### YOUR TASK
Using the data below, reproduce exactly the lines from the line with "会议议程中云南省专家协会会长" to the line with "On the opening", both included; pictures must be dropped.

### MATERIAL FOR THE TASK
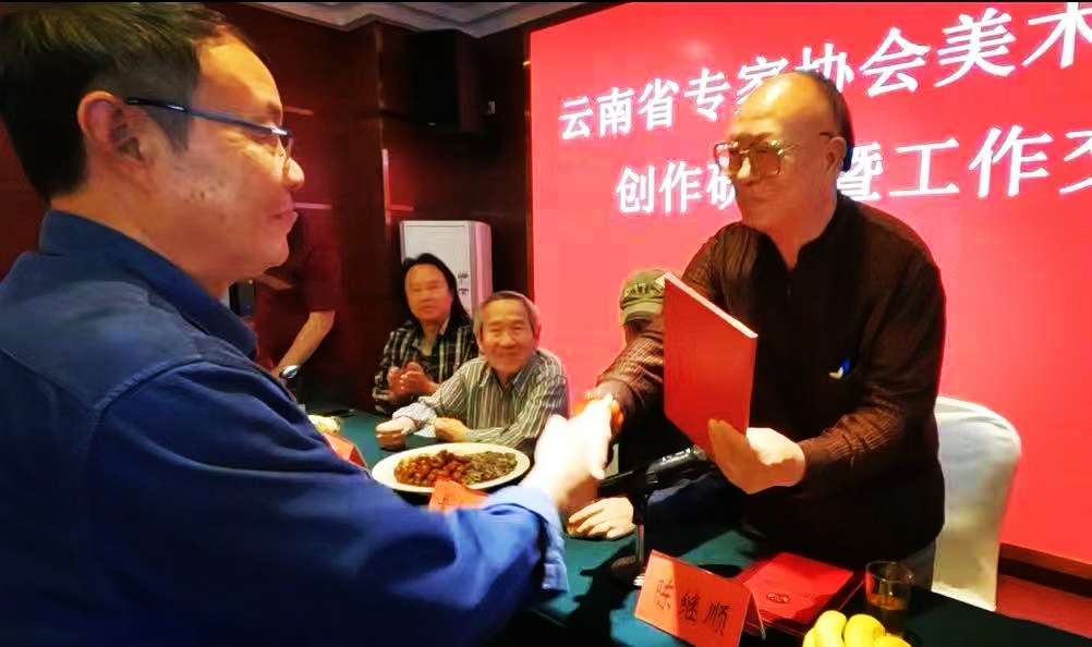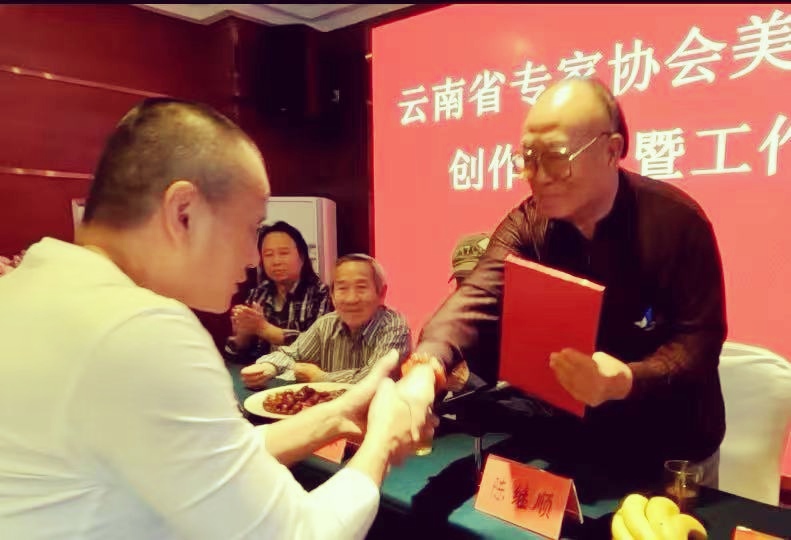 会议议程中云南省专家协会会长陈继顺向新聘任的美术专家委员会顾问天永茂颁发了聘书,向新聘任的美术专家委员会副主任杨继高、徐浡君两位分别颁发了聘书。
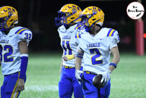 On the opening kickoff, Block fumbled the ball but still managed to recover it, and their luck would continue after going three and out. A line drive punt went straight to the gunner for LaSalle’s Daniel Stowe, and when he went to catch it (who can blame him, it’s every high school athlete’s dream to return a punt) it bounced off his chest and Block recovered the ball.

...

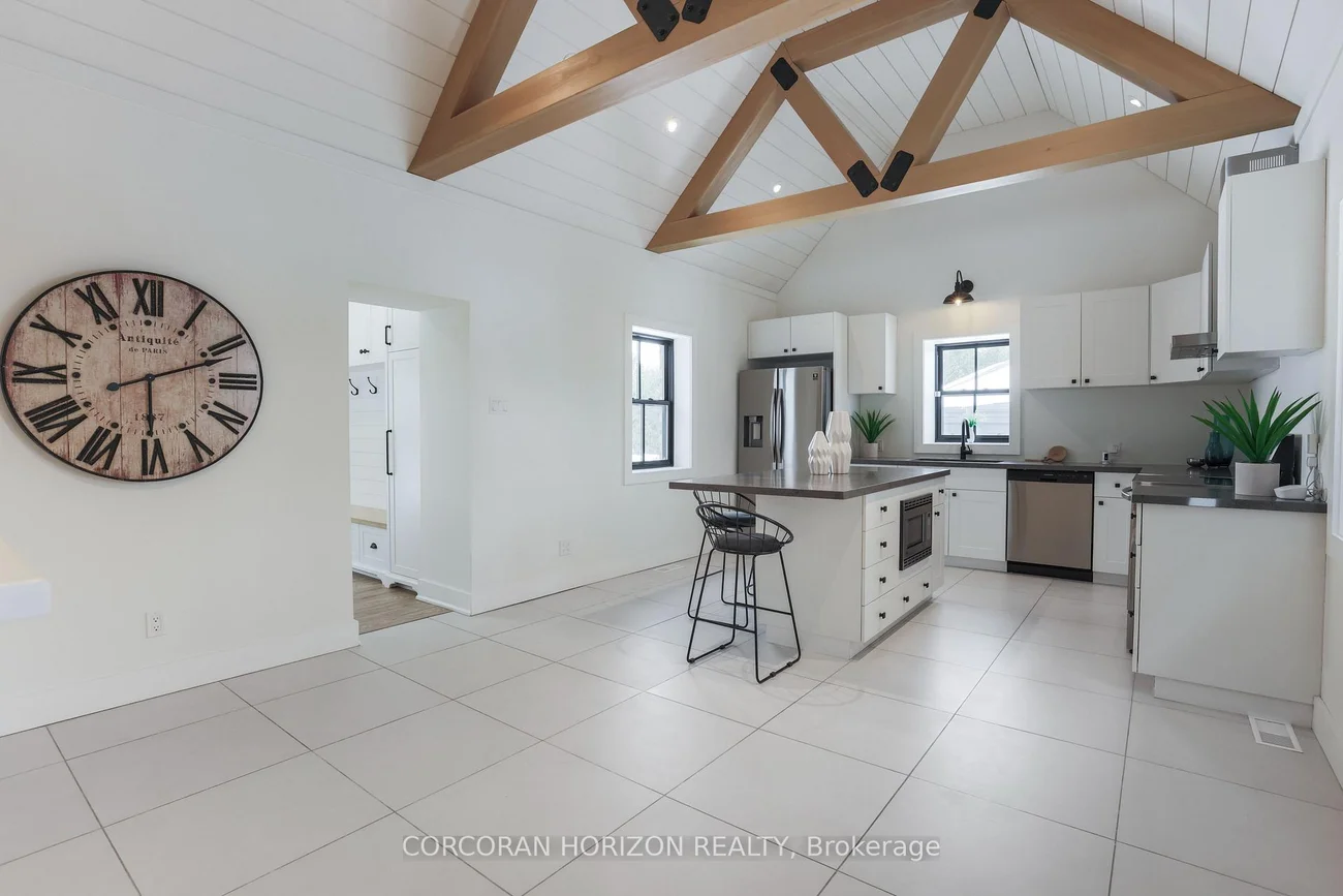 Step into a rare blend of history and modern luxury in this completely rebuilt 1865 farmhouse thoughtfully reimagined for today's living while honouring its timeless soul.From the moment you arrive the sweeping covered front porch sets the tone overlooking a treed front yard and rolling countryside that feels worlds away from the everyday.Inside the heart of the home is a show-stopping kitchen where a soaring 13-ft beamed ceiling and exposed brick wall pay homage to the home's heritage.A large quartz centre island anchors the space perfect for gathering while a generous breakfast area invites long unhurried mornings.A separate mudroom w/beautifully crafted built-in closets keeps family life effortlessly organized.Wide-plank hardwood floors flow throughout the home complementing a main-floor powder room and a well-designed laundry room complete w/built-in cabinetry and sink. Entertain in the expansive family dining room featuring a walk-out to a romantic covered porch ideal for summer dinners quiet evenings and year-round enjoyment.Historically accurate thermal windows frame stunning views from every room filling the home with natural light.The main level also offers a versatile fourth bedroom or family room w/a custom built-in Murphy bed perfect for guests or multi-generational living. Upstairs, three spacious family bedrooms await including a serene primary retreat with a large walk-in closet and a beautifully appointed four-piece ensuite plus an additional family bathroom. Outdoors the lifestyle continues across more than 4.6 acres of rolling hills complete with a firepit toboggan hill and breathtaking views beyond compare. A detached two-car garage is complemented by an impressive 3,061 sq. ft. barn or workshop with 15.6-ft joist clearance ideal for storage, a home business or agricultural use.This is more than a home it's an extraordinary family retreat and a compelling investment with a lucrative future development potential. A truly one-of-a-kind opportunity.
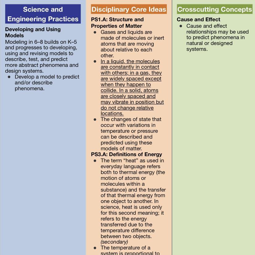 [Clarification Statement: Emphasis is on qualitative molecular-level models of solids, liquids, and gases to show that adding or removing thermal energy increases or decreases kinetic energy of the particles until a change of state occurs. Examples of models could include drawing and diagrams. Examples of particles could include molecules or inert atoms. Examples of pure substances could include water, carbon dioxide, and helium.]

### OUTPUT FOR THIS EXERCISE
 会议议程中云南省专家协会会长陈继顺向新聘任的美术专家委员会顾问天永茂颁发了聘书,向新聘任的美术专家委员会副主任杨继高、徐浡君两位分别颁发了聘书。
 On the opening kickoff, Block fumbled the ball but still managed to recover it, and their luck would continue after going three and out. A line drive punt went straight to the gunner for LaSalle’s Daniel Stowe, and when he went to catch it (who can blame him, it’s every high school athlete’s dream to return a punt) it bounced off his chest and Block recovered the ball.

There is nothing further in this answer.